Starting at the top of the records below and ending with the line that contains "Entre los petroglifos", print each line exactly as written, skipping the pictures.

Start of Records to process

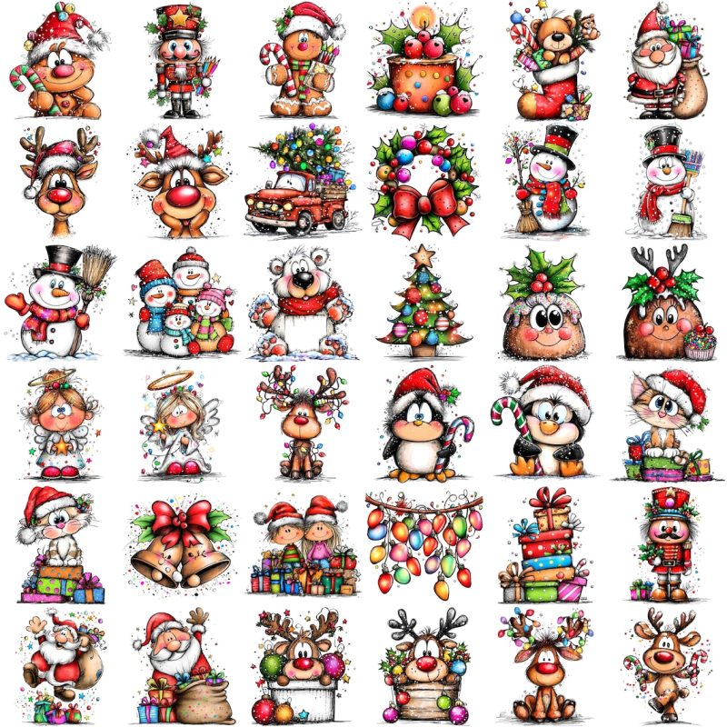 - December: Santa, reindeer, snowman, gingerbread, cozy Christmas
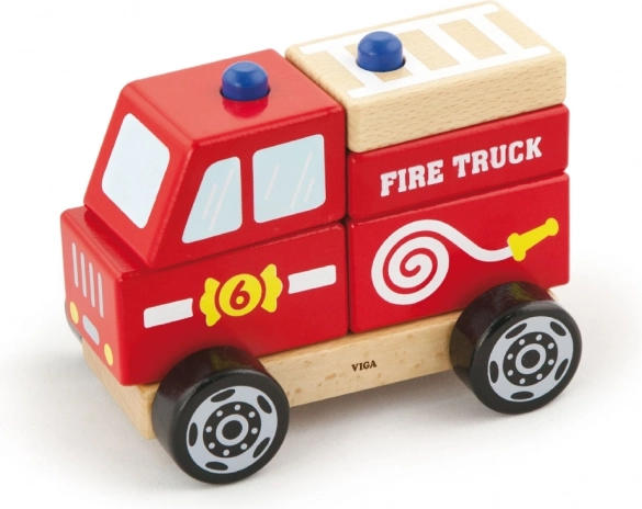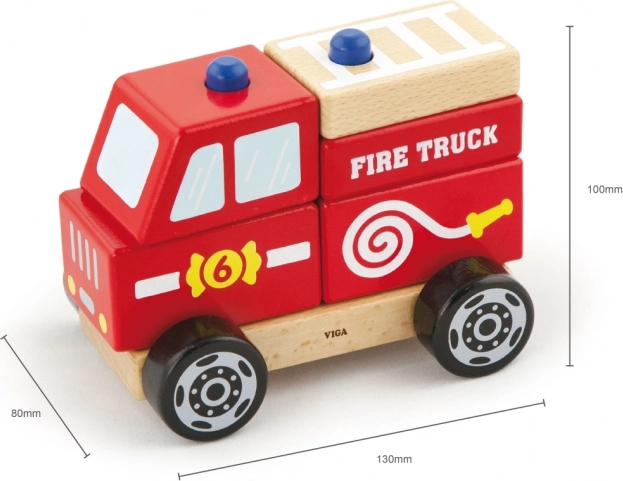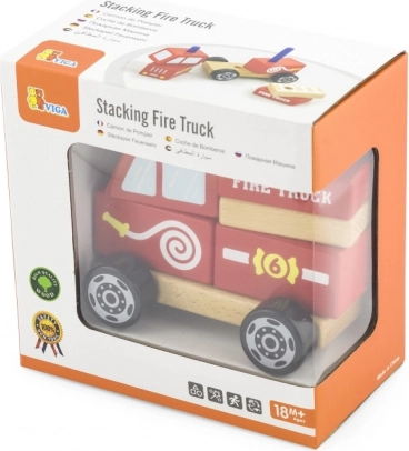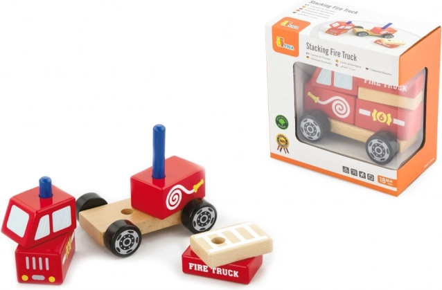 Stapeltjeer de afzonderlijke houten onderdelen op het chassis en maak je eigen brandweerauto. Kinderen trainen stap voor stap hun geduld en coördinatie.
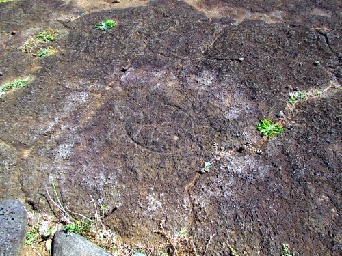 Entre los petroglifos principales, grabados sobre los flujos de lava se destacan:
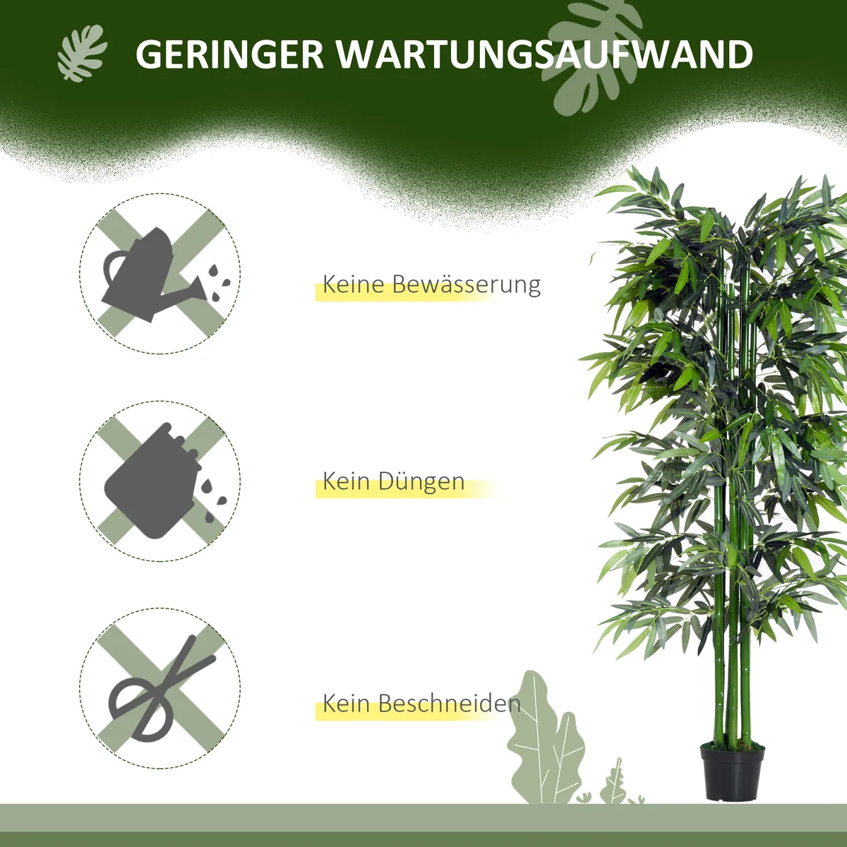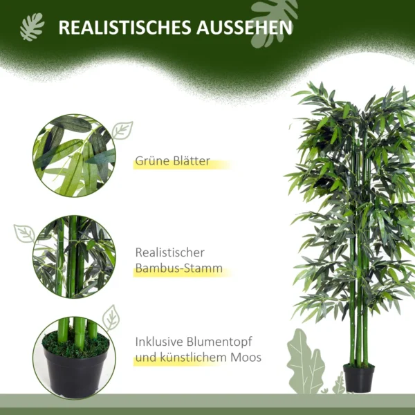 Šis „Outsunny“ dirbtinis bambuko medis yra puikus priedas, suteikiantis dekoratyvumo bet kokiems namams ar biurui. Puiki alternatyva tikriems kambariniams augalams, vazoninis lauko augalas nereikalauja mažai priežiūros ir nereikia laistyti. Pagaminta iš PE, tikroviškos išvaizdos, gyvą kambarinio augalo lapija ir stiebai, taip pat samanos juodame vazone padeda sukurti ramią atmosferą ir pagyvinti jūsų gyvenamąją erdvę.
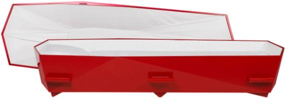 Designet av Jacob Jensen. Kiste av bjørkefiner i høyglans i fargene rød, svart og hvit.
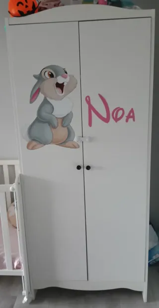 Armario infantil decorado con un simpático dibujo de un conejo y el nombre 'Noa'. - Puertas con tiradores negros. - Diseño blanco y moderno.

End of Records to process

_Your solution_
 - December: Santa, reindeer, snowman, gingerbread, cozy Christmas
 Stapeltjeer de afzonderlijke houten onderdelen op het chassis en maak je eigen brandweerauto. Kinderen trainen stap voor stap hun geduld en coördinatie.
 Entre los petroglifos principales, grabados sobre los flujos de lava se destacan:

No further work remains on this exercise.